- [Activity] In the material below, find the line with "Witajcie. Tak to"; set down that line and every line after it to the end, exactly, without pictures.

- [Source material]

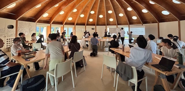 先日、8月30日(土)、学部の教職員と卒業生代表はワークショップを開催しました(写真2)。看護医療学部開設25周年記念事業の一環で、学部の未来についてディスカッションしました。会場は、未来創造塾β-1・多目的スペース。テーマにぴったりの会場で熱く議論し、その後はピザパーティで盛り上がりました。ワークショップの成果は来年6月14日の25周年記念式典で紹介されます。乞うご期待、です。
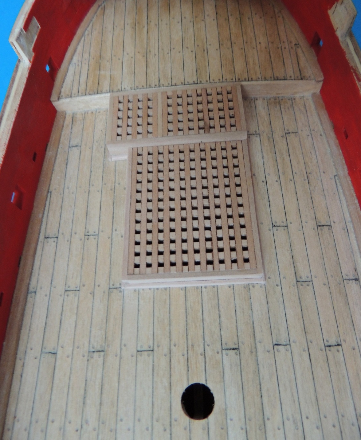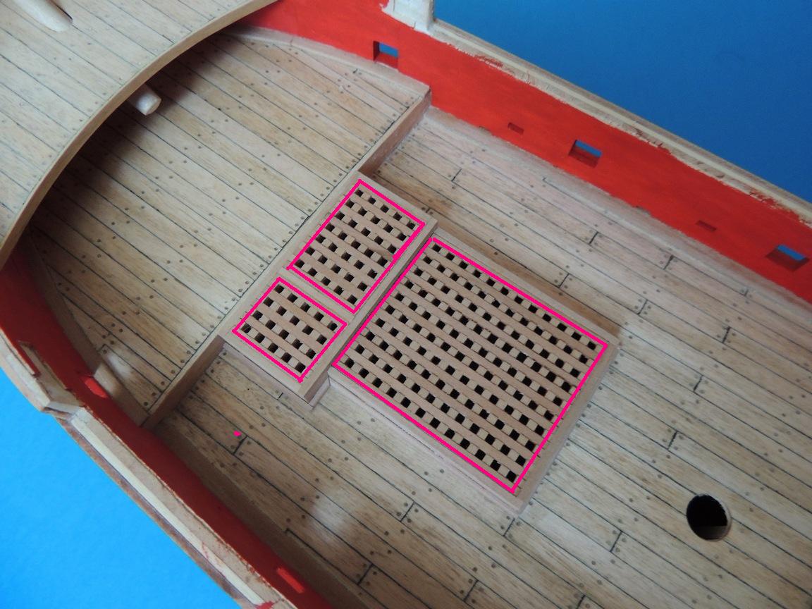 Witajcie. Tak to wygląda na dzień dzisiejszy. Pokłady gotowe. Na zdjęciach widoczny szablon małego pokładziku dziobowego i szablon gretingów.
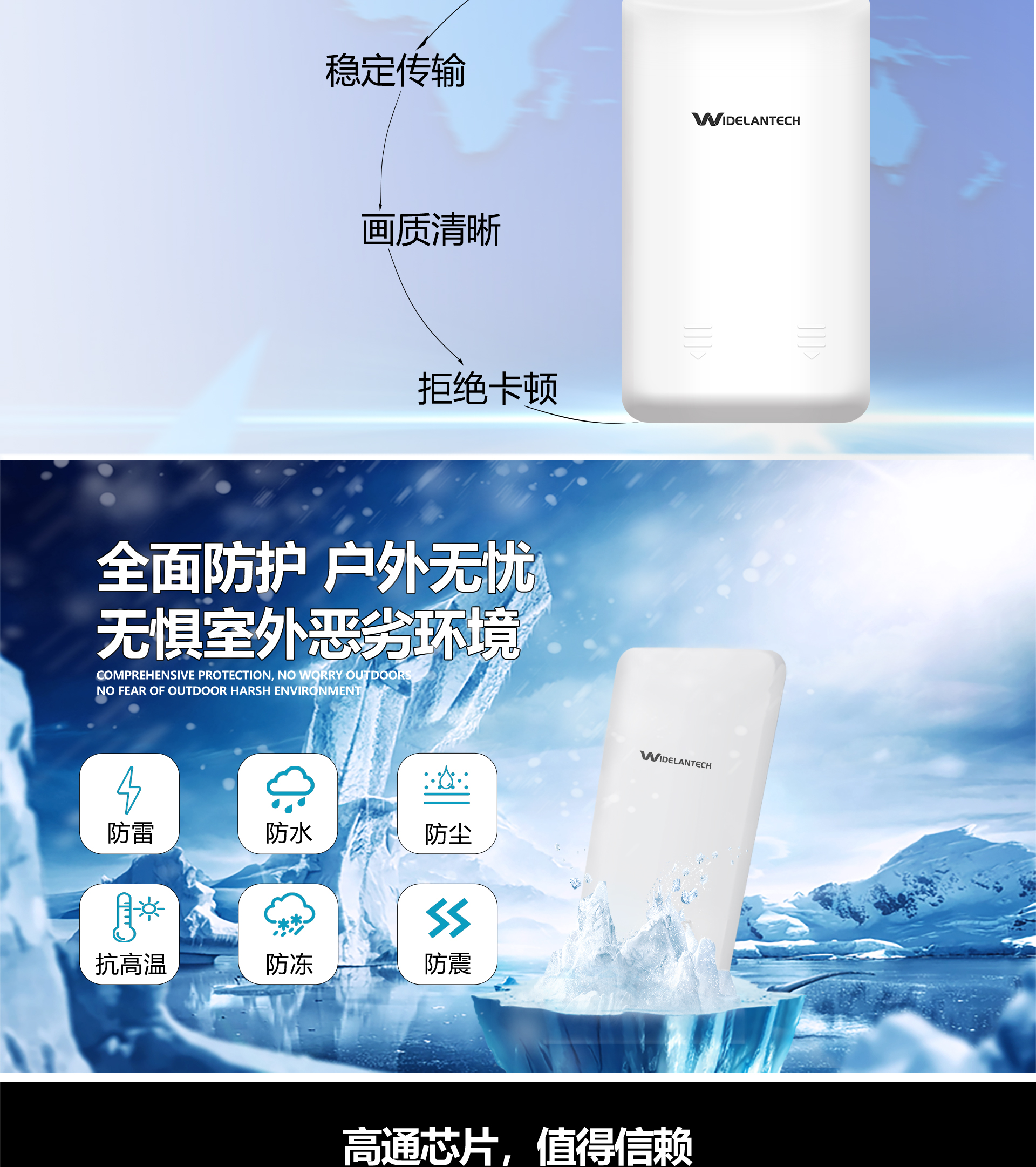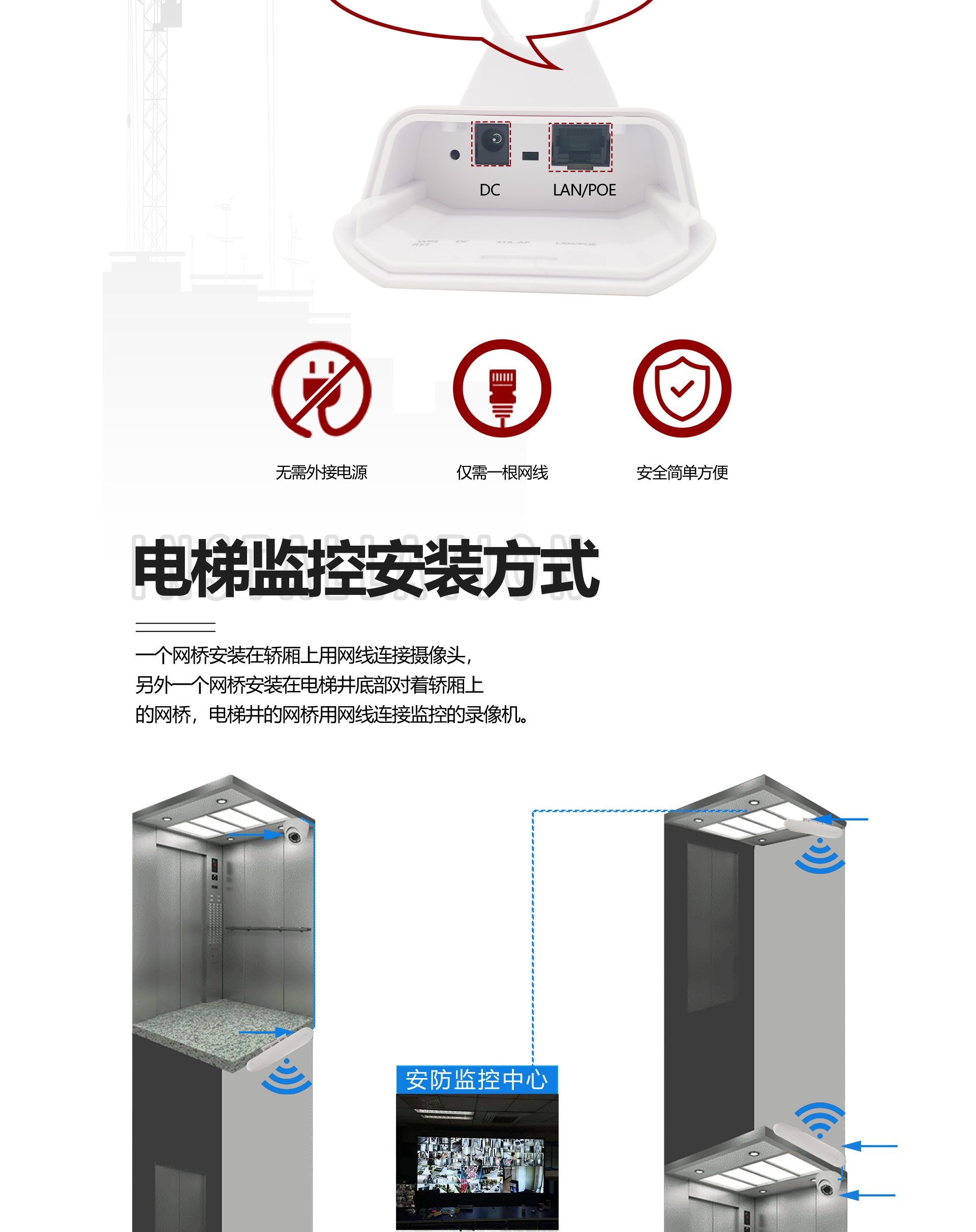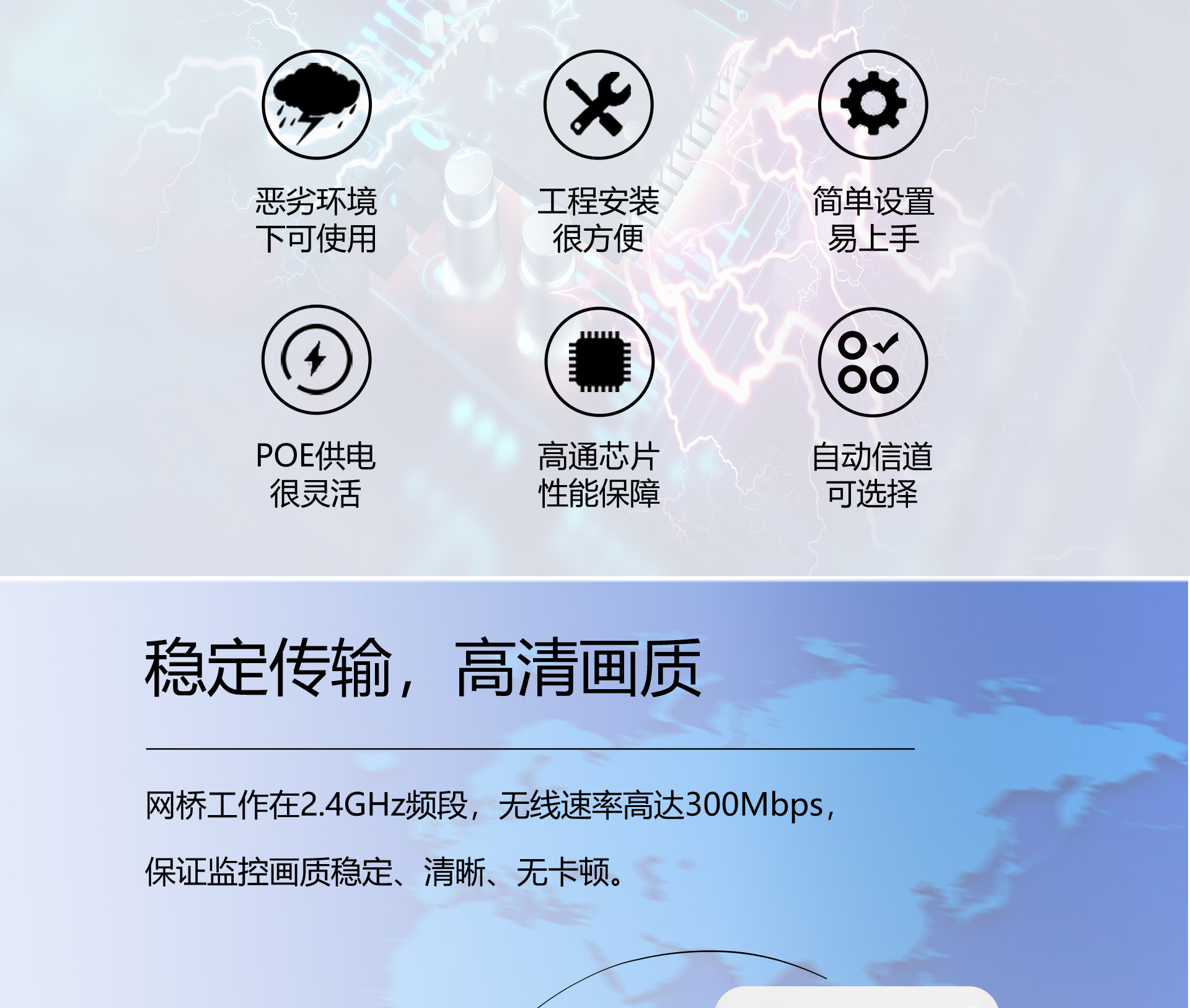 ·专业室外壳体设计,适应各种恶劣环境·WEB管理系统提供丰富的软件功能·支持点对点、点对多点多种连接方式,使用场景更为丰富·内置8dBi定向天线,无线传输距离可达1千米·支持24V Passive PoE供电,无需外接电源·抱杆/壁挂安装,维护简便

- [Completed task]
 Witajcie. Tak to wygląda na dzień dzisiejszy. Pokłady gotowe. Na zdjęciach widoczny szablon małego pokładziku dziobowego i szablon gretingów.
 ·专业室外壳体设计,适应各种恶劣环境·WEB管理系统提供丰富的软件功能·支持点对点、点对多点多种连接方式,使用场景更为丰富·内置8dBi定向天线,无线传输距离可达1千米·支持24V Passive PoE供电,无需外接电源·抱杆/壁挂安装,维护简便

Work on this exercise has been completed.